Direct lending activity by U.S. private credit firms experienced a sharp decline in the second quarter, even as the amount of capital raised by these firms rebounded significantly. North America-focused closed-end direct-lending funds raised $16.25 billion in the quarter, a substantial increase from $1.3 billion in the first quarter and the highest level in two years, according to Preqin data.
However, lending volumes moved in the opposite direction. U.S. direct-lending volume, which measures loans made directly by private-credit funds to companies, fell approximately 55% quarter-on-quarter to $33.59 billion in the second quarter from $74.67 billion in the first. This marks the lowest level since the second quarter of 2023, according to PitchBook/LCD data. The number of deals also decreased to 154 from 217.
Direct lenders are private-credit funds that provide loans directly to companies, often for buyouts, acquisitions, or refinancings, bypassing traditional banks or the broadly syndicated loan market. The divergence between fundraising and deal flow suggests that while capital is still flowing into private credit, lenders are becoming more selective about deploying it. This shift follows increased scrutiny after defaults, concerns over software exposure, and redemption pressures from some retail investors.

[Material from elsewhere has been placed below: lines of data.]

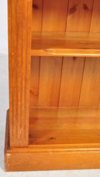 A large 20th century country pine upright bookcase / display cabinet being raised on a flared top with central shelves having a pediment atop. Measures 183 x 111 x 27cm.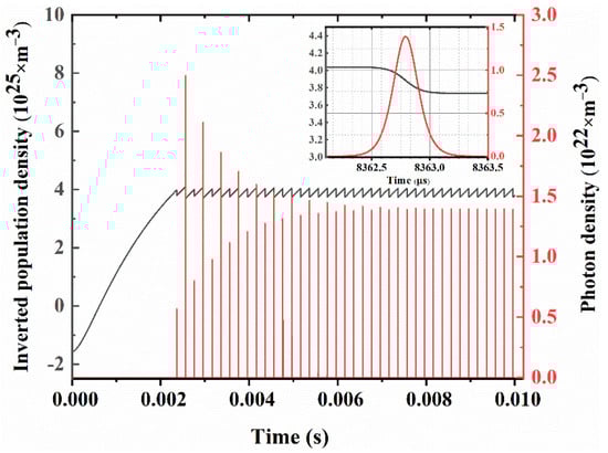 Figure 8 clearly shows the temporal evolutions of the population inversion density (gray line) and the intracavity photon density (red line) in 0.01 s under the maximum output power of 32 W. As time increases, the population inversion density increases rapidly and reaches saturation near 0.002 s. Then, the laser pulse transitions from an unstable state to a stable state, and the population inversion density also changes with the sawtooth shape. The corresponding expanded picture of the single Q-switched pulse near 0.083 s is shown in the inset of Figure 8.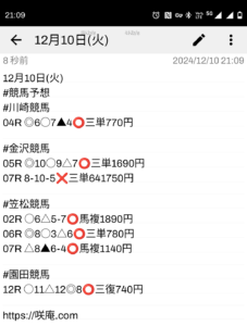 12月10日(火) 競馬予想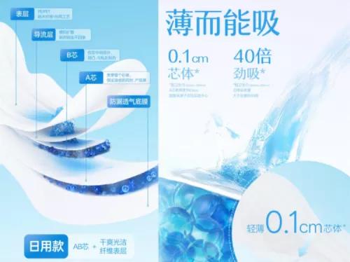 液体下渗后,日用及加长日用(250mm、290mm)卫生巾,使用轻薄的“AB芯体”快速吸收。根据第三方检测数据,0.1cm的芯体,吸收量大于自重的40倍。在结构上,AB芯的中心部分微凸,从而增强卫生巾与人体的贴合度,避免液体渗漏。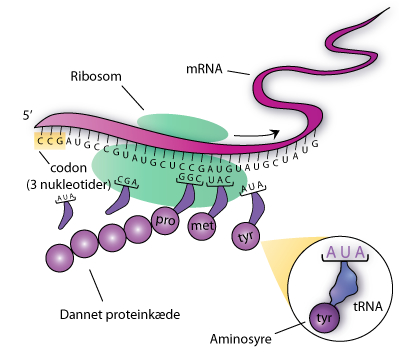 Translationen udføres af cellens ribosomer. De starter translationen i den position på mRNA’et, hvor de finder starten af et gen. Med kun ganske få undtagelser starter alle gener ved koden AUG. Dette får ribosomerne til at starte det nye protein med aminosyren methionin. Ribosomet læser nemlig hele tiden tre nukleotider ad gangen, således at næste aminosyre der indsættes i proteinkæden, afgøres af de følgende tre nukleotider efter AUG. Sådanne tre nukleotider, der læses til én aminosyre, hedder codons, og præcis hvilken aminosyre der fås af et bestemt codon, afgøres direkte af den genetiske kode (se figur 4).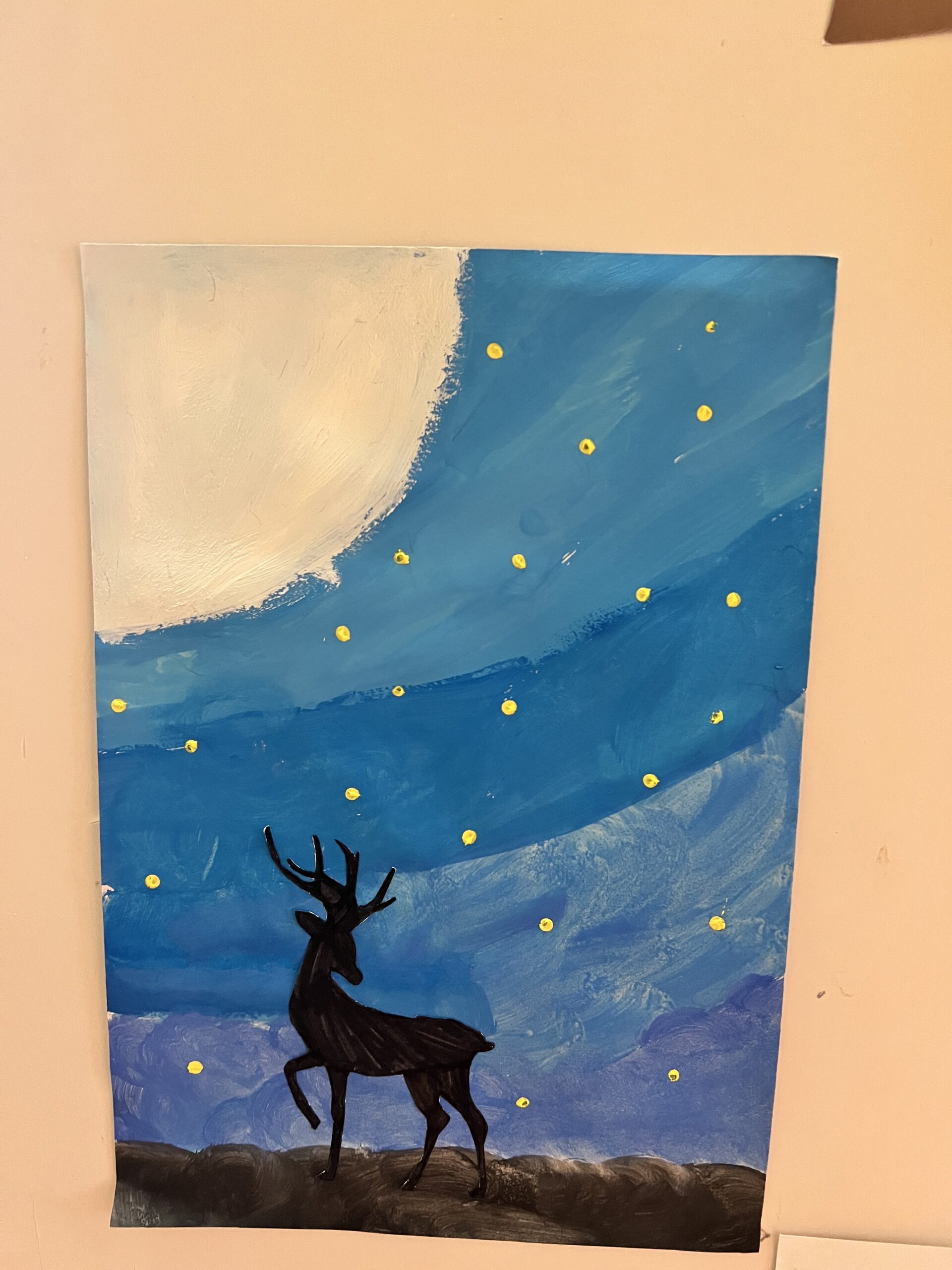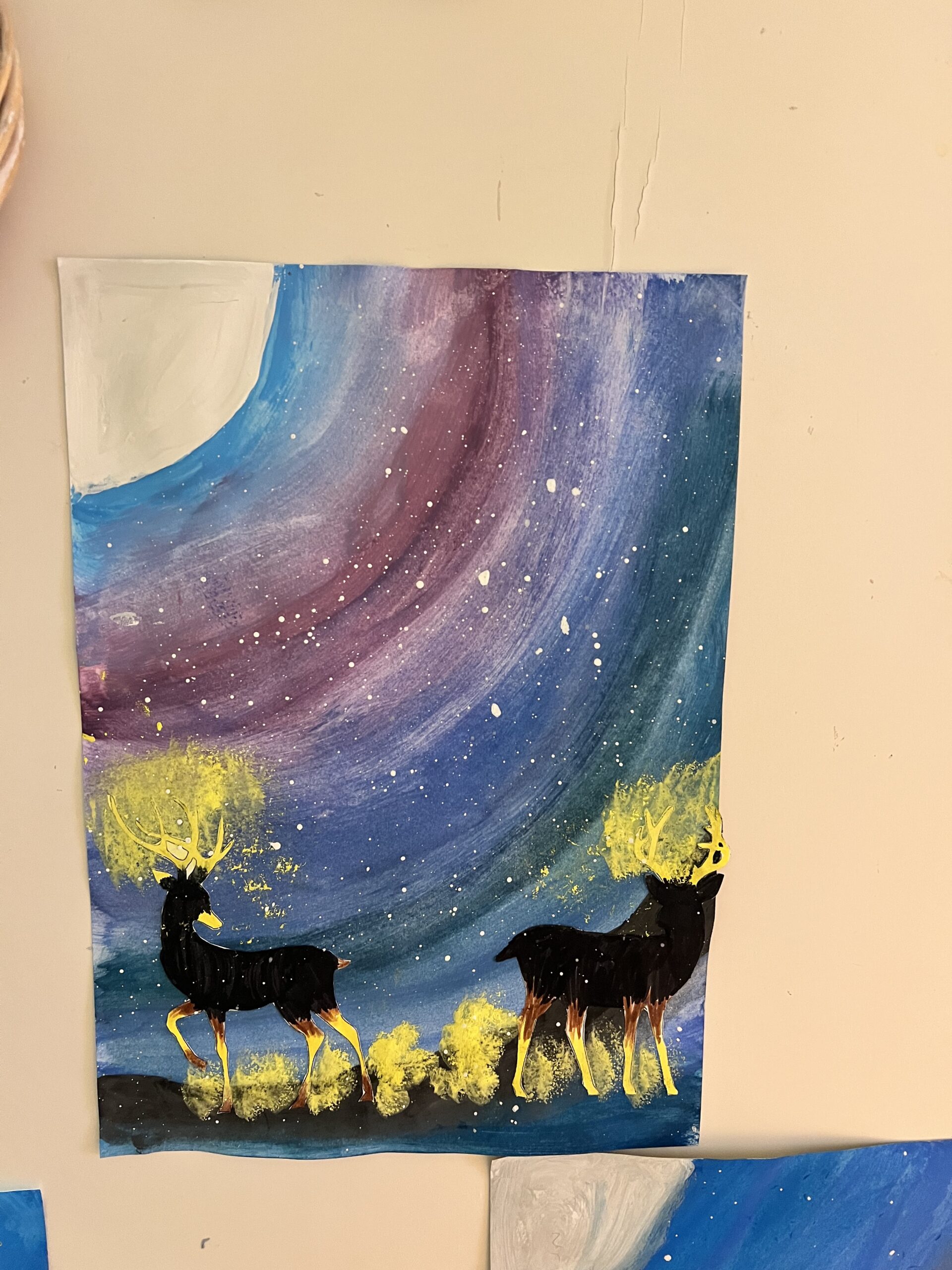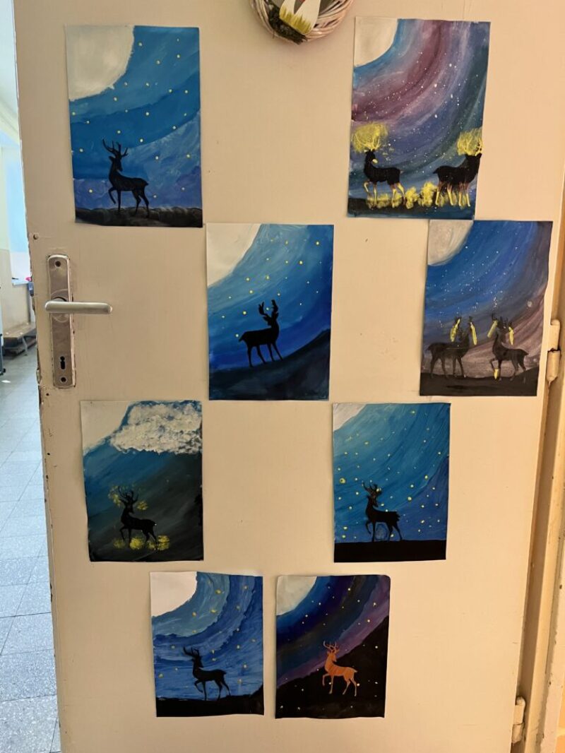 A foglalkozás kreatív részében a tanulók csodaszarvast festettek szivaccsal. Ez az aprólékos, koncentrációt és türelmet igénylő tevékenység kiválóan illeszkedett a témához, hiszen a gyerekek elmélyülten, nyugodt légkörben dolgoztak. A festés során megfigyelhető volt, hogy a tanulók figyelme fókuszáltabbá vált, miközben örömmel és lelkesedéssel alkottak.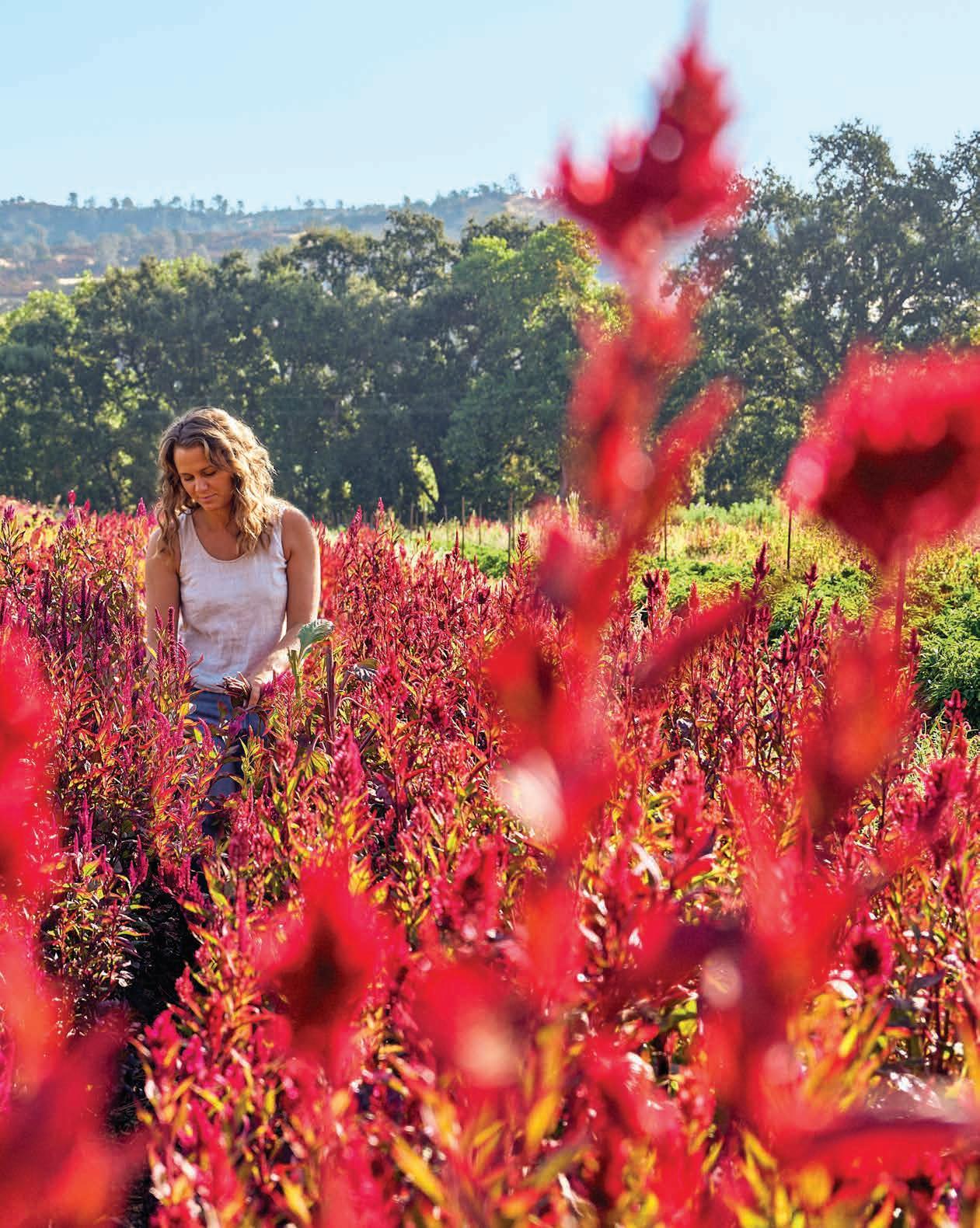 Hannah Rose Rivers Muller in the flower fields at Full Belly Farm.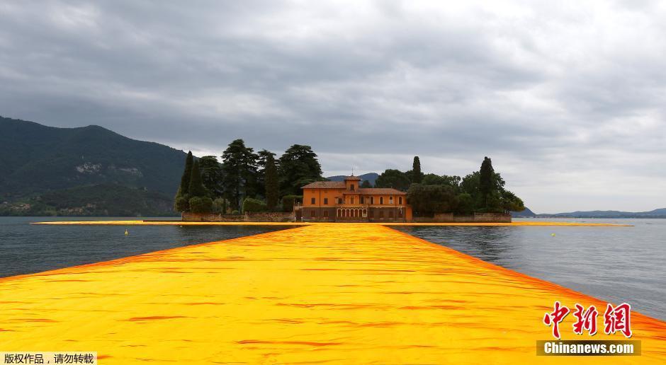 當(dāng)?shù)貢r間2016年6月16日,意大利伊賽奧湖,保加利亞出生的藝術(shù)家克里斯托在湖上設(shè)計出一個“漂浮的碼頭”。這個項(xiàng)目由20萬塊浮箱搭建成一條3公里的“橋”,通往湖心島上。xfa安康新聞網(wǎng)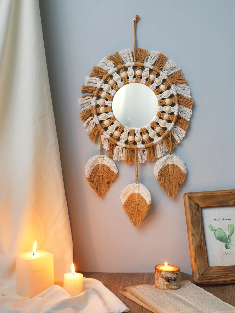 1pc Bead & Tassel Decor Macrame Wall Hanging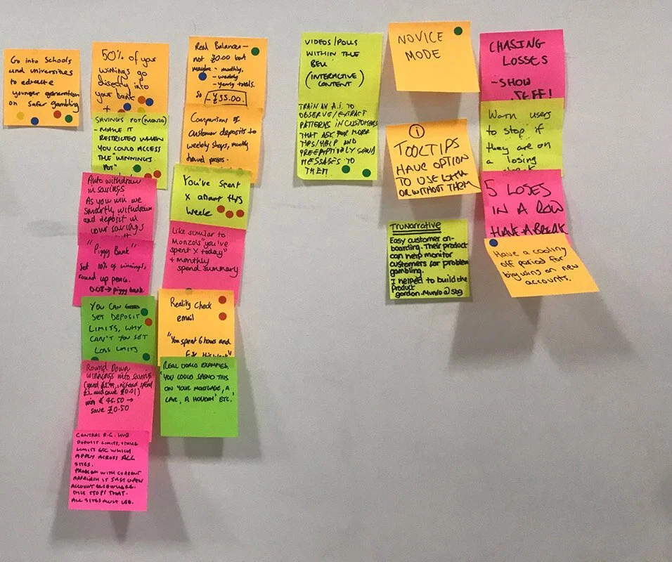 This particular case study was focused on our 2020 Power Hour initiative. As a working ‘SG’ group we identified existing problems from onsite customer feedback and our club house insights to generate ‘how might we’s’ for the week ahead. The workshops involved idea generation across the business — small working groups were then identified with a mixture of disciplines across the business to drive forward each campaign. Each idea was then submitted and pitched to leadership, which included Paul Buck (EPIC Risk Management) — the top 2 successful campaigns would be green lighted for build by the business.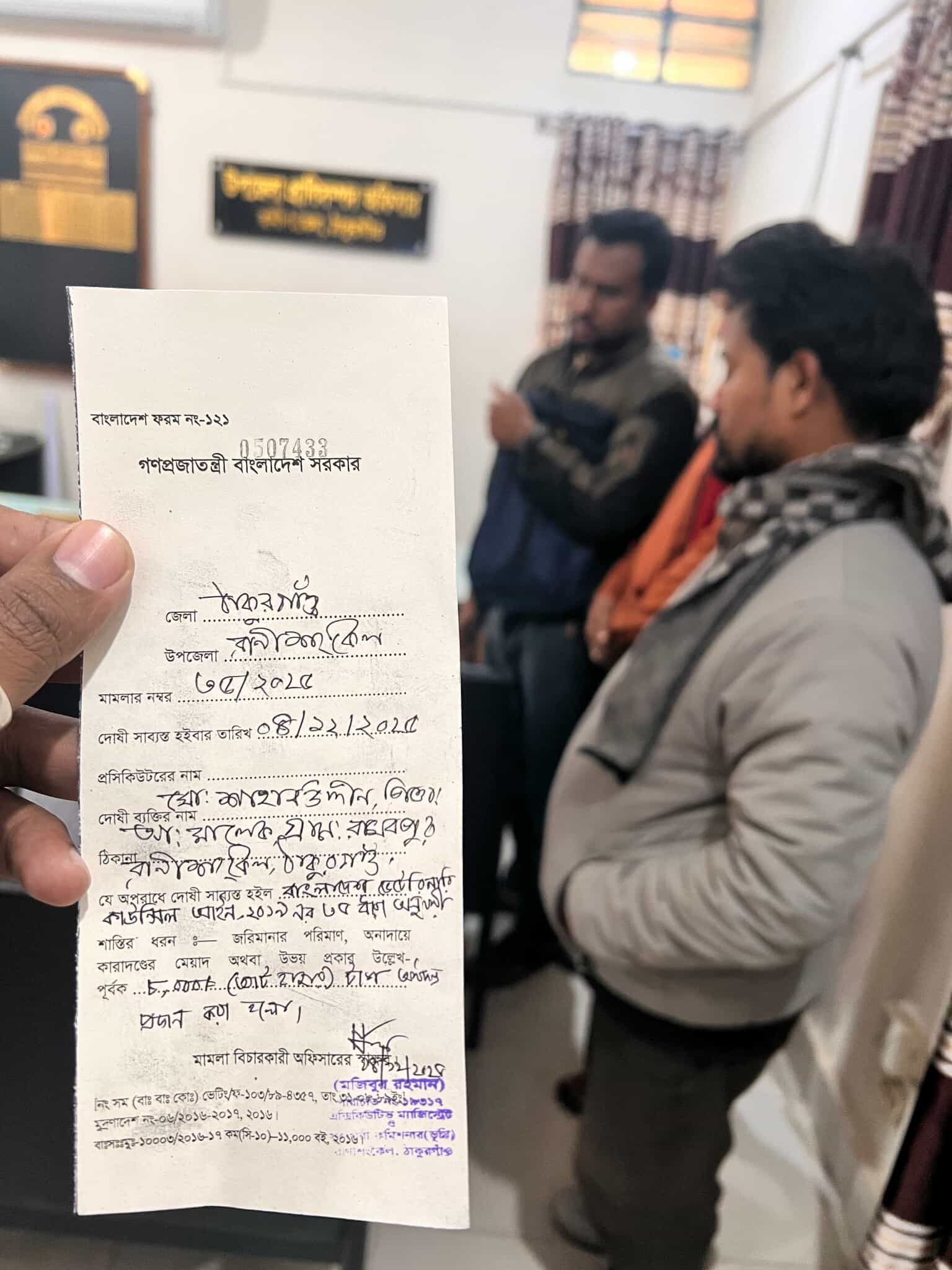 এ ব্যাপারে সহকারি কমিশনার (ভূমি) মজিবুর রহমানের নেতৃত্বাধীন ভ্রাম্যমাণ আদালতের মাধ্যমে বাংলাদেশ ভেটেনারি আইন ২০১৯ এর ৩৫ ধারা অনুযায়ী তাকে জরিমানা করা। সেখানে অনুমোদনহীন ভাবে প্রেসক্রিপশন লেখার প্রমাণ পাওয়া গেলে তাকে ৮,০০০ টাকা জরিমানা করা হয় ।

Jun Li, EY’s global and Americas wealth and asset management leader, attributed the slowdown to softer M&A and buyout activity, borrower delays, competition from the broadly syndicated loan market, and greater selectivity among private-credit managers. The pullback was most pronounced in private equity-backed lending, a key source of demand, with PE-backed direct-lending volume falling to $19.40 billion in Q2 from $44.61 billion in Q1. Leveraged buyout-related volume dropped to $9.79 billion from $22.31 billion.
Some caution among private credit firms also stems from loans made during the 2021-2022 boom when rates were lower and terms were looser. Higher current rates have made these loans harder to service, prompting lenders to demand better pricing and stronger protections on new deals. Additionally, some firms are constrained by existing portfolio stress, with business development companies keeping cash available for troubled borrowers rather than new loans. Private BDCs have also faced redemption requests, and many public BDCs' shares trade below net asset value, limiting their ability to raise fresh equity.